Datum uitspraak:
Datum publicatie:
Rechtsgebied:
Zaaknummer:
Soort procedure:
Zittingsplaats:

Inhoudsindicatie:

Diefstal met inklimming en diefstal. Vingerafdruk op iPhone doosje in woning. Vrijspraak medeplegen.

Uitspraak



afdeling strafrecht

parketnummer: 23-000517-21

datum uitspraak: 18 januari 2022

TEGENSPRAAK (gemachtigd raadsman)

Verkort arrest van het gerechtshof Amsterdam gewezen op het hoger beroep, ingesteld tegen het vonnis van de rechtbank Amsterdam van 26 februari 2021 in gevoegde strafzaken onder de parketnummers 13-049953-20 (hierna: zaak A) en 13-070668-20 (hierna: zaak B), alsmede 13-746052-18 (TUL) tegen

[verdachte] ,

geboren te [geboorteplaats] op [geboortedag] 1997,

adres: [adres 1].

Onderzoek van de zaak

Dit arrest is gewezen naar aanleiding van het onderzoek ter terechtzitting in hoger beroep van 4 januari 2022 en, overeenkomstig het bepaalde bij artikel 422, tweede lid, van het Wetboek van Strafvordering, naar aanleiding van het onderzoek ter terechtzitting in eerste aanleg.

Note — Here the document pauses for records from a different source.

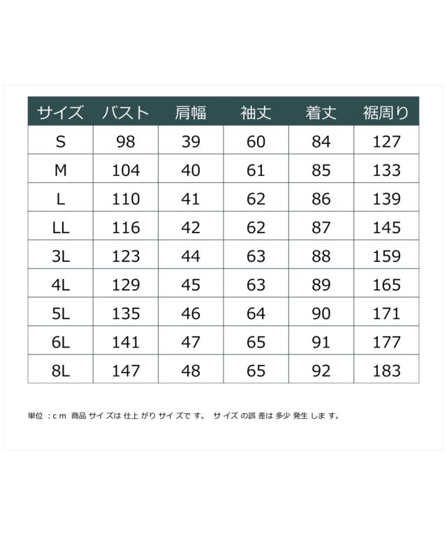 品質:[表地・中綿]ポリエステル100%(織物)袖口ボタン開 前ファスナー・ボタン開 裏地:有 蓄熱中綿使用 表地ラミネート加工(防風) 透け感:透けにくい 伸縮性:なし 生地の厚み:厚い 光沢感:ややあり 裏地:あり ポケット:あり ※両脇 季節:晩秋・初冬・梅春 シルエット:普通 重量:S約450g、M約480g、L約510g、LL約540g、3L約570g、4L約600g、5L約630g、6L約660g※多少の個体差が生じる場合があります。 原産国:ミャンマー製 備考:洗濯機OK ネット使用 ※単位:cm ※商品サイズは仕上がりサイズです。 ※サイズの誤差は多少発生します。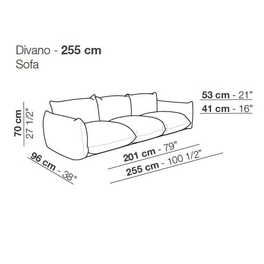 Sofaen har et stabilt rammeverk som består av metall og kryssfinèr. Konstruksjonen er laget på en måte som gjør at de store deilige putene settes enkelt i en metallrørramme som gir stivhet og motstand ved bruk av sofaen.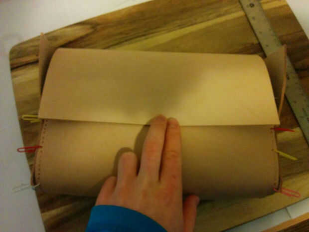 Una vez que los bordes se unen podemos obtener una buena idea de la forma del kit de afeitado. También podemos marcar en la tapa viene en relación a los lados. Porque el cuero no le gusta realmente hacer ángulos de 90 grados sobre una base regular vamos a haber cortado las esquinas los bordes altos del kit de afeitado. Manteniendo la sección de tapa cerrada marca donde la tapa curvas a lo largo de los bordes altos. Nos cortará esto más adelante.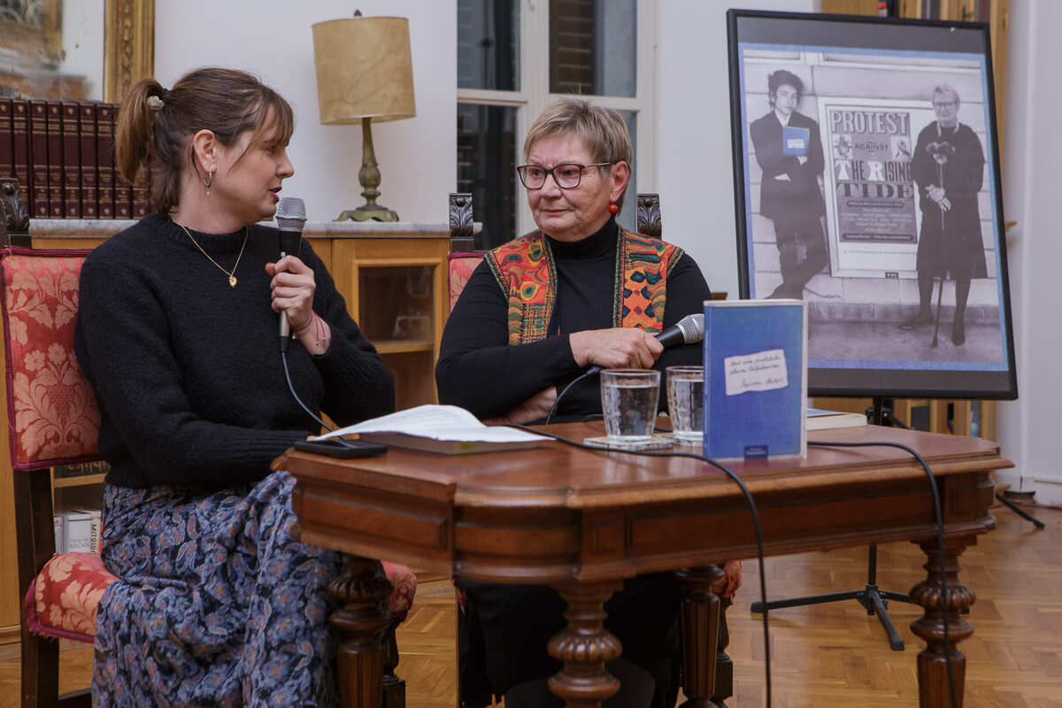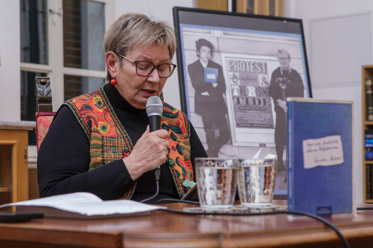 Predstavljanje je dodatno obogaćeno čitanjem ulomaka iz knjige, koji su publici približili snagu i poetiku djela. Večer je zaključena osobnijim tonom kroz priču o autoričinoj dugogodišnjoj inspiraciji glazbom Boba Dylana. U prostoru su bili izloženi plakati inspirirani Dylanovim vizualom iz 1960-ih, koje su autoričini prijatelji reinterpretirali kao duhovitu posvetu – na plakatima su se našli autorica i Dylan, pa čak i njezina knjiga u njegovim rukama. Time je simbolično povezana autoričina osobna priča s umjetnikom kojeg doživljava kao trajni uzor društvene osviještenosti i budnosti. Predstavljanje je potvrdilo važnost književnosti kao prostora suočavanja s prošlošću te očuvanja osobnih i kolektivnih sjećanja.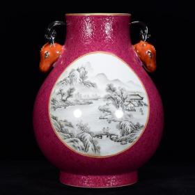 清雍正胭脂红扒花开窗墨彩山水纹双耳瓶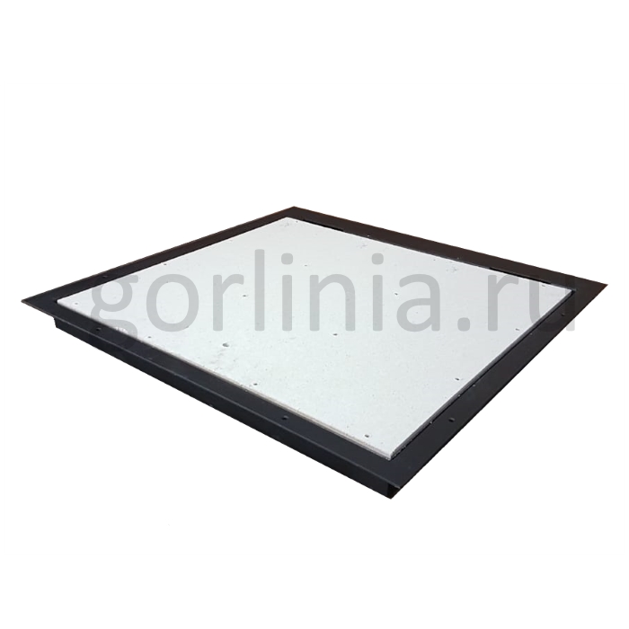 Детали каркаса выполнены из стального проката 3 мм. Крышка обвязана трубой 30х20 в комбинированном положении. Заполнение дверцы - ГВЛ под скрытую облицовку керамической плиткой по принципу невидимки.

Namens de verdachte is hoger beroep ingesteld tegen voormeld vonnis.

Het hof heeft kennisgenomen van de vordering van de advocaat-generaal en van hetgeen door de raadsman naar voren is gebracht.

Tenlasteleggingen

Aan de verdachte is in zaak A tenlastegelegd dat:hij op of omstreeks 8 november 2019 te Amsterdam, in elk geval in Nederland, tezamen en in vereniging met een ander of anderen, althans alleen, uit een woning (gelegen aan de [adres 2]), sieraden en/of horloge(s) en/of geld en/of tablet(s) en/of telefoon(s) en/of laptop(s), in elk geval enig goed, dat geheel of ten dele aan een ander dan aan hem en/of zijn mededader(s) toebehoorde, te weten aan [benadeelde], heeft weggenomen met het oogmerk om het zich wederrechtelijk toe te eigenen, terwijl verdachte en/of zijn mededader(s) zich de toegang tot de plaats van het misdrijf heeft/hebben verschaft en/of dat/die weg te nemen sieraden en/of horloge(s) en/of geld en/of tablet(s) en/of telefoon(s) en/of laptop(s) onder zijn/hun bereik heeft/hebben gebracht door middel van braak en/of verbreking en/of inklimming.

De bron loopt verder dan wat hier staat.